WHAT THE TASK REQUIRES
Among the entries below, find the line with "May-Aug - woodland", then quote it and each following line up to and including the line with "Figure 3-12. New", and nothing else.

INFORMATION SHOWN Block Start

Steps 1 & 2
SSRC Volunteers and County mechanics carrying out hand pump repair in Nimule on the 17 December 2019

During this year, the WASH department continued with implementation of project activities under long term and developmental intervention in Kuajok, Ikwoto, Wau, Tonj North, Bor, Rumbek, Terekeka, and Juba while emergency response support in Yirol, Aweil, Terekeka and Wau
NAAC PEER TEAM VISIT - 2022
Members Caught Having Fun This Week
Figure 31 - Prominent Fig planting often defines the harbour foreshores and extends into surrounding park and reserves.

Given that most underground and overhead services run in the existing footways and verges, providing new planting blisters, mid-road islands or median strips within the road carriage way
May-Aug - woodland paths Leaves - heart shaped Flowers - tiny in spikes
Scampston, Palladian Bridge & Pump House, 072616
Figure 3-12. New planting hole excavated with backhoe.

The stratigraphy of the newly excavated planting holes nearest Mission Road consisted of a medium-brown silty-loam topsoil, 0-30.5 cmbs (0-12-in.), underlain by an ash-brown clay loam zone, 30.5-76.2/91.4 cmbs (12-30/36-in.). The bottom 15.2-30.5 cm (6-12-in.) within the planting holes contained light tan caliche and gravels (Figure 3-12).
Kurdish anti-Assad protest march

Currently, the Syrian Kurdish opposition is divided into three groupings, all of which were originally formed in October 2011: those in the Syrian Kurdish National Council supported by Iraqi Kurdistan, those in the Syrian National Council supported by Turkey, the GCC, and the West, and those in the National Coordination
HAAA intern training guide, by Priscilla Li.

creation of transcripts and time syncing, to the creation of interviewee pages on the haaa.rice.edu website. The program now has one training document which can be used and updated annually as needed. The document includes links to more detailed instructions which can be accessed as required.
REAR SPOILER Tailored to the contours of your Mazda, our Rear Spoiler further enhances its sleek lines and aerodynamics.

INFORMATION SHOWN Block End
INFORMATION SHOWN Block Start

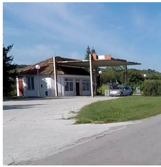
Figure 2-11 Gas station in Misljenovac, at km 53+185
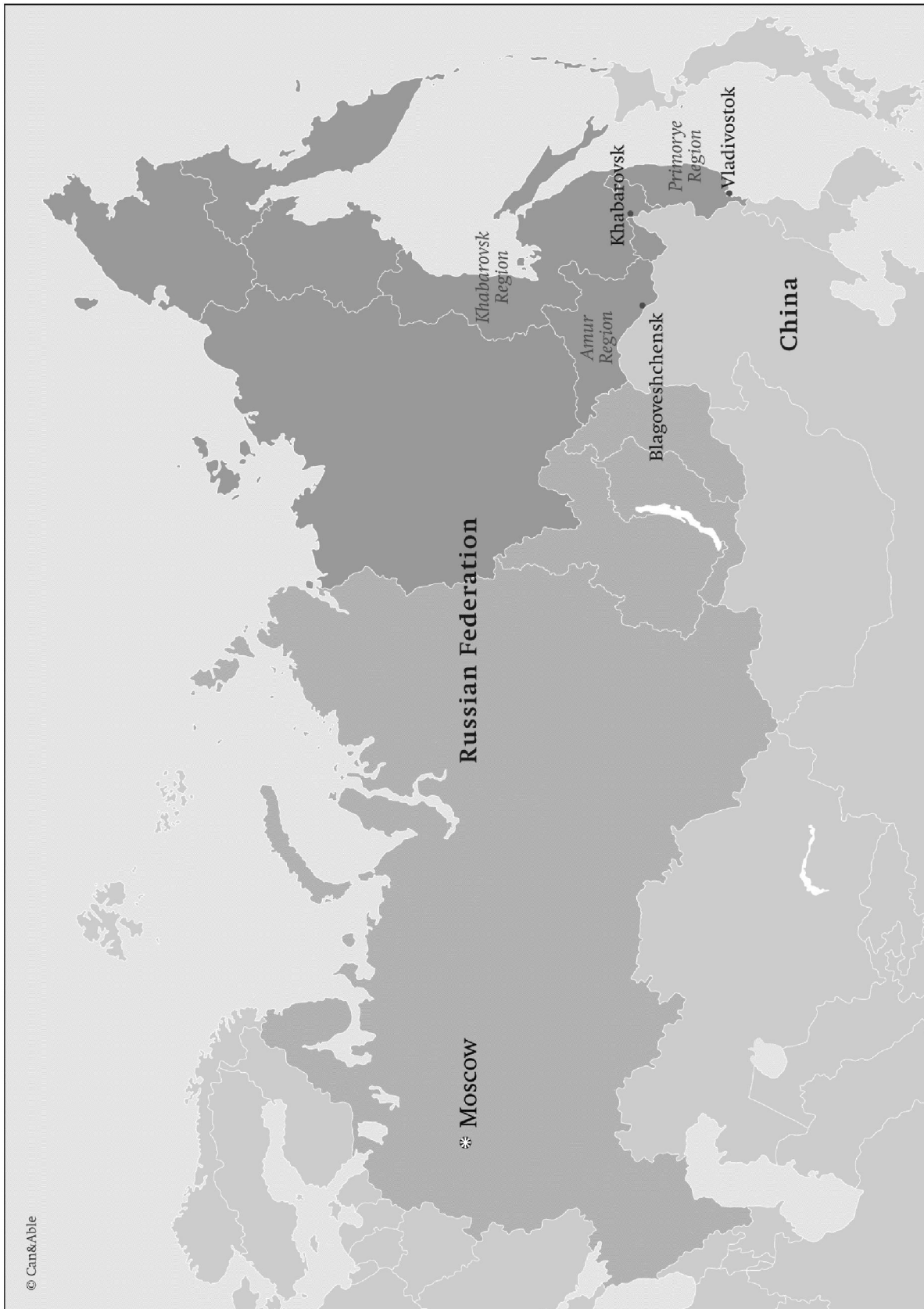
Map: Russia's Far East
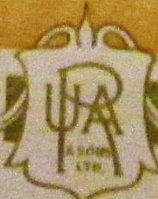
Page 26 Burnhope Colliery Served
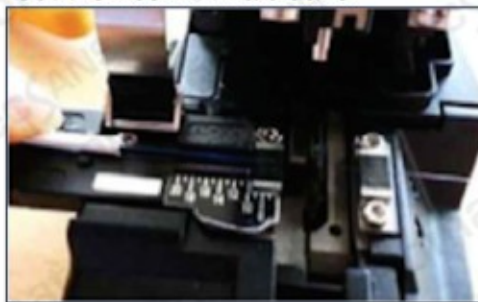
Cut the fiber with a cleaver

INFORMATION SHOWN Block End

RESPONSE
May-Aug - woodland paths Leaves - heart shaped Flowers - tiny in spikes
Scampston, Palladian Bridge & Pump House, 072616
Figure 3-12. New planting hole excavated with backhoe.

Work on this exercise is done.